OpenAI has created a version of GPT-4, its latest text generation model, that can “remember” about 50 pages of content thanks to a greatly enlarged context window.
That might not sound significant. But that’s five times more information than the standard GPT-4 can hold in its “memory” and eight times more than GPT-3.
“The model can use long documents flexibly,” said Greg Brockman, co-founder and president of OpenAI, during a live demo this afternoon. “We want to see what kind of applications [this enables].”
When it comes to text-generating AI, the context window refers to the text that the model considers before generating additional text.

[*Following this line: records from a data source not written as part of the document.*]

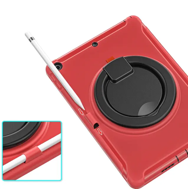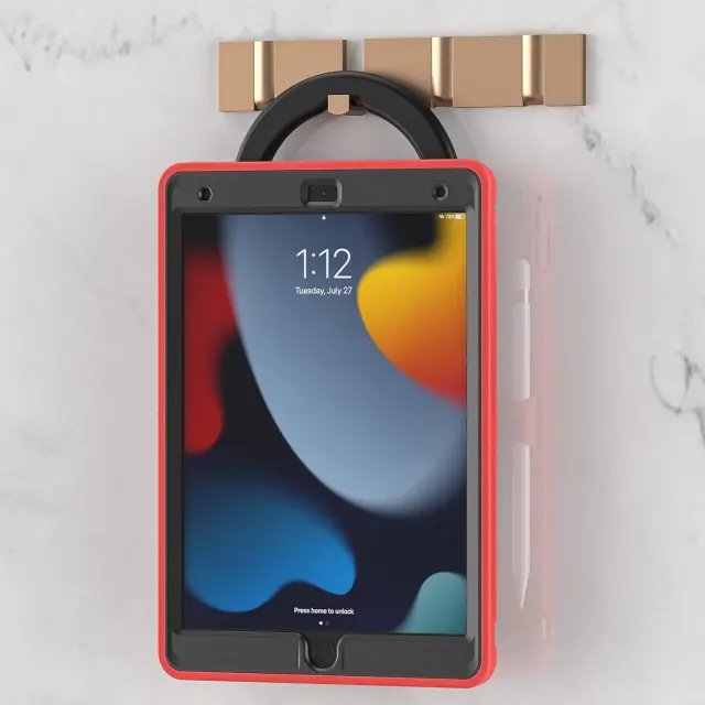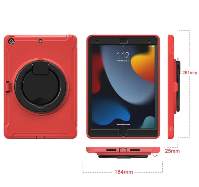 Ta visokokakovosten zaščitni ovitek je zasnovan za zagotavljanje visoke stopnje varnosti vaše naprave iPad 10,2 pri vsakodnevni uporabi. Sestavljen je iz treh plasti materialov, ki vključujejo plastično ohišje PC in mehak silikonski hrbet za učinkovito zaščito pred praskami, udarci ter vibracijami. Izdelek odlikuje premišljena zasnova, ki vključuje vgrajeno stojalo z možnostjo vrtenja, kar omogoča prilagodljive kote gledanja in tipkanja. Natančno izdelani izrezi zagotavljajo neoviran dostop do vseh kontrolnih gumbov in priključkov naprave.
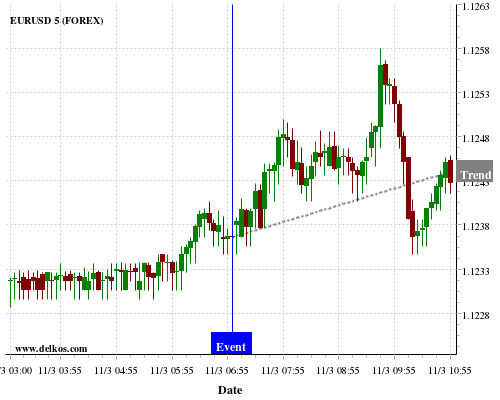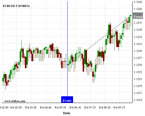 This probability is based on the last 12 DE Balance of Trade events, in which 8 of the last 10 events where the actual number was greater than than the economist consensus resulted in an up trend of EURUSD.
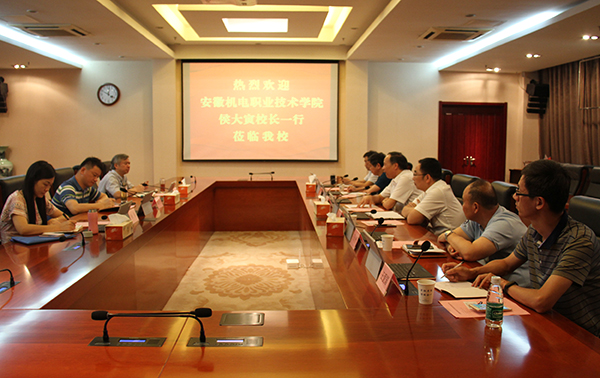 6月12日,安徽机电职业技术学院侯大寅校长、徐春林副校长率领相关部门同志来beat365交流。beat365谢永华校长、卢兵总督学及教务处等相关部门负责人接待了来宾。
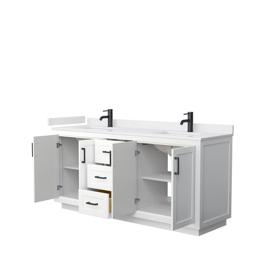 Miranda 72" Double Vanity in White, Top, Square Sinks, Matte Black Trim

While models like GPT-4 “learn” to type by training themselves on billions of examples of text, they can only consider a small fraction of that text at a time, determined primarily by the size of their context window.

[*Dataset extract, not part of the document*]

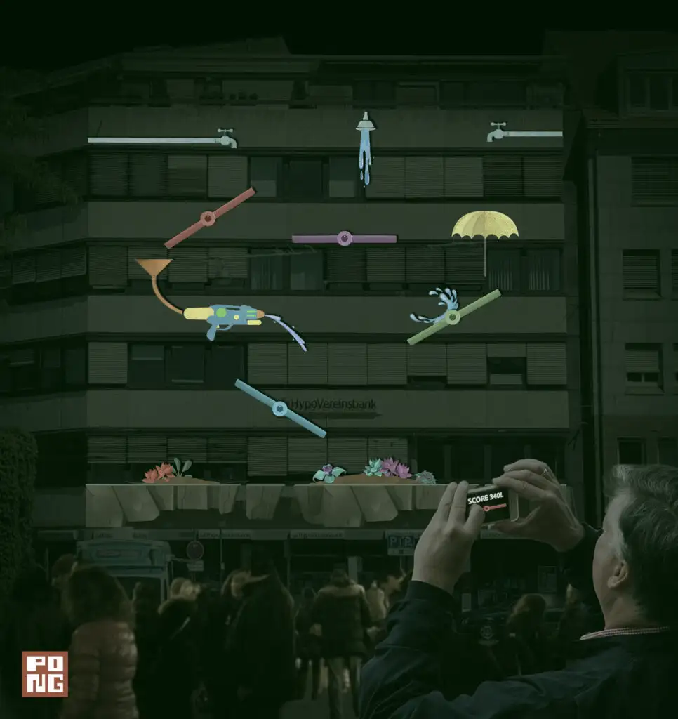 Seit Ende November ist die App „Our City“ von Alexander Liebrich und Marco Zampella freigeschaltet. Mit der App können Nutzer*innen bis zum 19. Dezember nach Einbruch der Dunkelheit die Beleuchtung der Turmbergruine individuell gestalten und sogar Emojis auf die Fassade projizieren. Ab dem 29. Januar 2021 ist auf der Fassade der HypoVereinsbank am Stephanplatz die Installation „Saving Water“ der Kreativagentur PONG.Li Studios zu sehen. Bei dem interaktiven Computerspiel können Bürger*innen eine Wasserleitung auf der markanten Fassade konstruieren. Ein interaktives Spiel hat die Künstlergruppe bereits für die Schlosslichtspiele entwickelt. Bei „Capture the Pyramide“ konnten die Besucher*innen ihre Spielfiguren über die illuminierte Schlossfassade manövrieren.
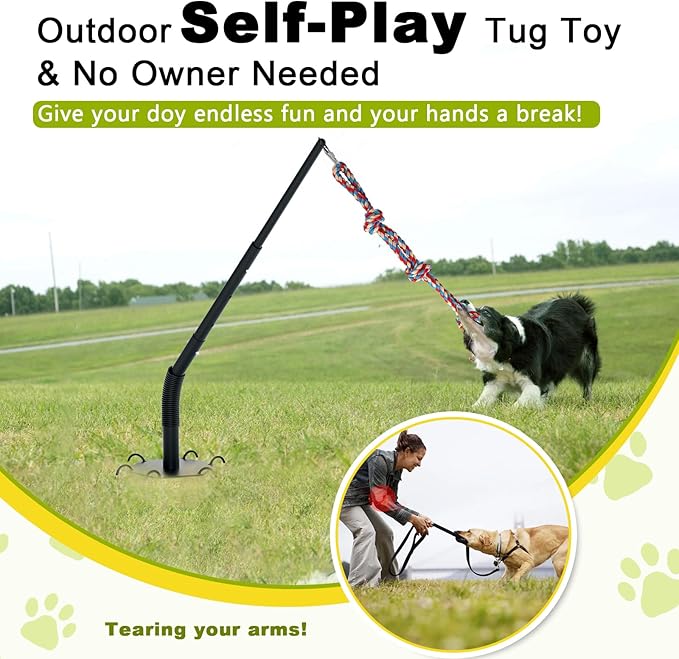 - Outdoor Tug Dog Solo Play Toy - Hands-Free Fun: Designed for solo play, this spring-powered dog tug toy creating a realistic "pull-back" effect just like a real tug-of-war rival. Without needing you to hold the rope, keeping your dog engaged happily—perfect for energetic and chewy breeds. Got this outdoor tug toy for dog, give your pup endless fun and your hands a break!

Models with small context windows tend to “forget” the content of even very recent conversations, leading them to go off topic. After a few thousand words, they also forget your initial instructions and instead extrapolate their behavior from the latest information within your context window instead of the original request.
Allen Pike, a former Apple software engineer, colorful Explain this way:
“[The model] He will forget everything you try to teach him. She’ll forget you live in Canada. He will forget that you have children. He’ll forget you hate booking things on Wednesdays and please stop suggesting things on Wednesdays, dammit. If neither of you has mentioned his name for a while, he’ll forget that too. talk to a [GPT-powered] character for a while, and you can start to feel like you’re bonding with him, getting to a really cool place. Sometimes he gets a little confused, but that happens to people too. But eventually, the fact that he has no medium-term memory becomes clear, and the illusion is shattered.
We have not yet been able to get the version of GPT-4 with the extended context window, gpt-4-32k. (OpenAI says it is processing requests for the high-context and low-context GPT-4 models at “different rates depending on capacity.”) But it’s not hard to imagine how conversations with him could be so much more convincing than the ones before. generation model.
With a larger “memory”, GPT-4 should be able to chat relatively coherently for hours, even days, instead of minutes. And perhaps most importantly, it should be less likely to go off the rails. As Pike points out, one of the reasons chatbots like Bing Chat can be forced to misbehave is because their initial instructions (be a helpful chatbot, respond respectfully, etc.) are quickly removed from their context windows by prompts. and additional answers.
It can be a little more nuanced than that. But the context window plays an important role in grounding the models. definitely. Over time, we’ll see what kind of tangible difference it makes.